- **Exercise**
Reproduce all the lines below exactly and omit the images.

- **Exercise data**

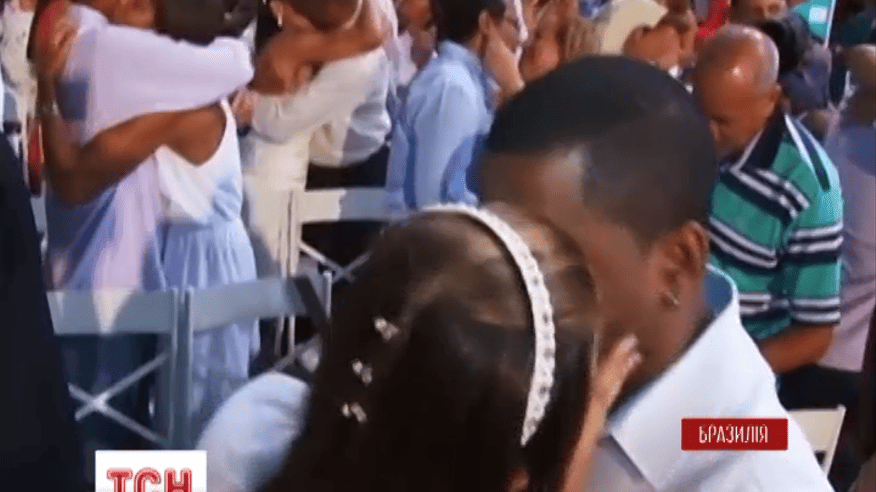 Там одночасно побралися майже дві тисячі бразильських пар. Загалом, участь у святковій церемонії взяли 12 тисяч людей.
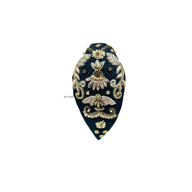 เครื่องประดับผมแฟชั่นสำหรับผู้หญิง ออกแบบเองได้ ใช้ได้ทุกวันในเดือนรอมฎอน ผ้าเครป/กำมะหยี่ งานปักมือ แฮนด์เมด ผ้าโพกหัวแบบ Turban สำหรับวันอีด
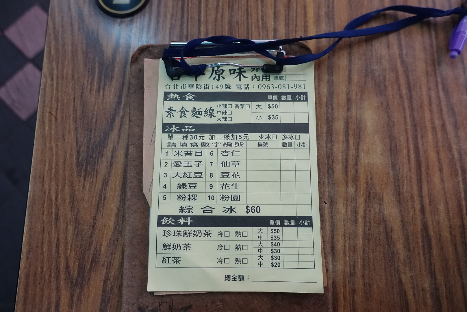 今回は麺線一択、辛さも選べるようですが、特にしるしは付けず、香菜だけにチェックを入れました。素食麺線(小)(スーシーミエンシェン)35元

- **Response to this exercise**
 Там одночасно побралися майже дві тисячі бразильських пар. Загалом, участь у святковій церемонії взяли 12 тисяч людей.
 เครื่องประดับผมแฟชั่นสำหรับผู้หญิง ออกแบบเองได้ ใช้ได้ทุกวันในเดือนรอมฎอน ผ้าเครป/กำมะหยี่ งานปักมือ แฮนด์เมด ผ้าโพกหัวแบบ Turban สำหรับวันอีด
 今回は麺線一択、辛さも選べるようですが、特にしるしは付けず、香菜だけにチェックを入れました。素食麺線(小)(スーシーミエンシェン)35元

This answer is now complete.